ぐりぐりと後頭部を踏みつけられながら、なのはは平然と言葉を続ける。
この足の裏の感触は久々だ。

「だいたい、何へこんどるんか知らんけどな」
「へこんでないです」
「ほう」

はやては眉を跳ね上げる。

「言い直そか。――――何たそがれてん」

沈黙。



「…………気のせいだよ」
「そか。

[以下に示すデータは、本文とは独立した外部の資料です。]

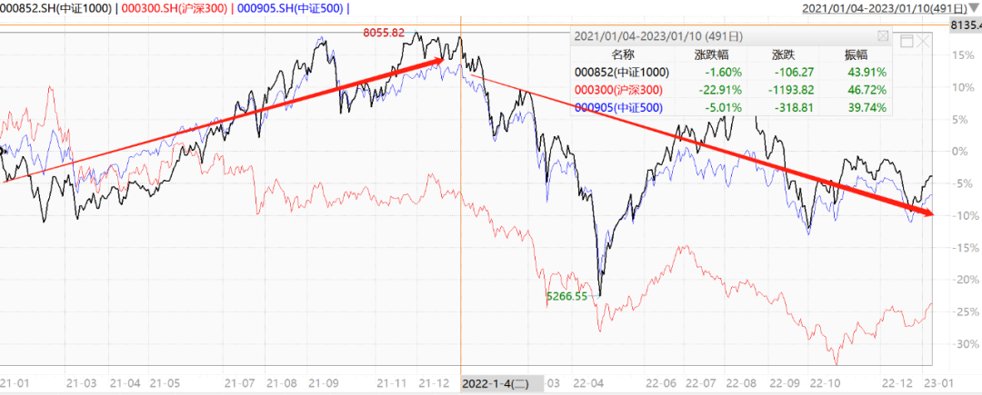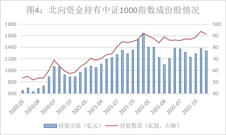 本轮中小盘行情从2021年2月开始,并贯穿2021全年,还没来得及进一步展开,就被2022年的熊市打断了节奏。虽然2022年小盘也跑赢了大盘,但是也还是负收益。下图为2021年以来3大指数走势对比机构目前应该还是比较看好小盘的,从公募基金来看,重仓中证1000指数成份股的比例呈上升趋势。2022年三季报显示,全部公募基金十大重仓股中属于中证1000指数成份股占全部公募基金重仓总市值的比例从2020年一季度的8.3%提升到了9.8%。仅2022年三季度,占比上升超过了1个百分点。另一方面,北向资金持有中证1000指数成份股的市值与数量也在持续提升,2020年1月末北向资金持有指数成份股市值仅653亿元,到2022年12月已提升至1337亿元,持股数量从53亿股提升至91亿股。

なら真面目な訓練に戻りやー」
「でも」

機を逃さぬ提案は、なのはの十八番である。

「たまにはスバルたちにも、ああいうのを見せたげた方が良くない?」
「そーくるか。……まあ、そおやなぁ」

体重を掛けつつ、はやては思案するように呟いた。
確かに、そういう怖さを直接味わったのはティアナだけだ。
こう言っては何だが、大火力で蒸発させられそうになる経験など、滅多に味わえるものではないし。

直接はともかく、実地で見せとくのは悪くないかも。

「しかしなあ、なのはちゃんが遠慮無くぶちかませる相手っちゅーのも」
「そこに」
「どう、した、もんか」

何故か下方から自分を指さそうとした相手を、ごりごりと景気良く踏み潰した。
すると。
ちょうど目の前を経験満載な者が歩いていく。

「おーい、フェイトちゃーん!」
「ふわい?」


夜勤明けで、これから眠る予定だったのだろう。
寝不足でふらふらのフェイトは、ほわっと返事をして振り向いた。



生贄特有の、ナニも分かってない表情で。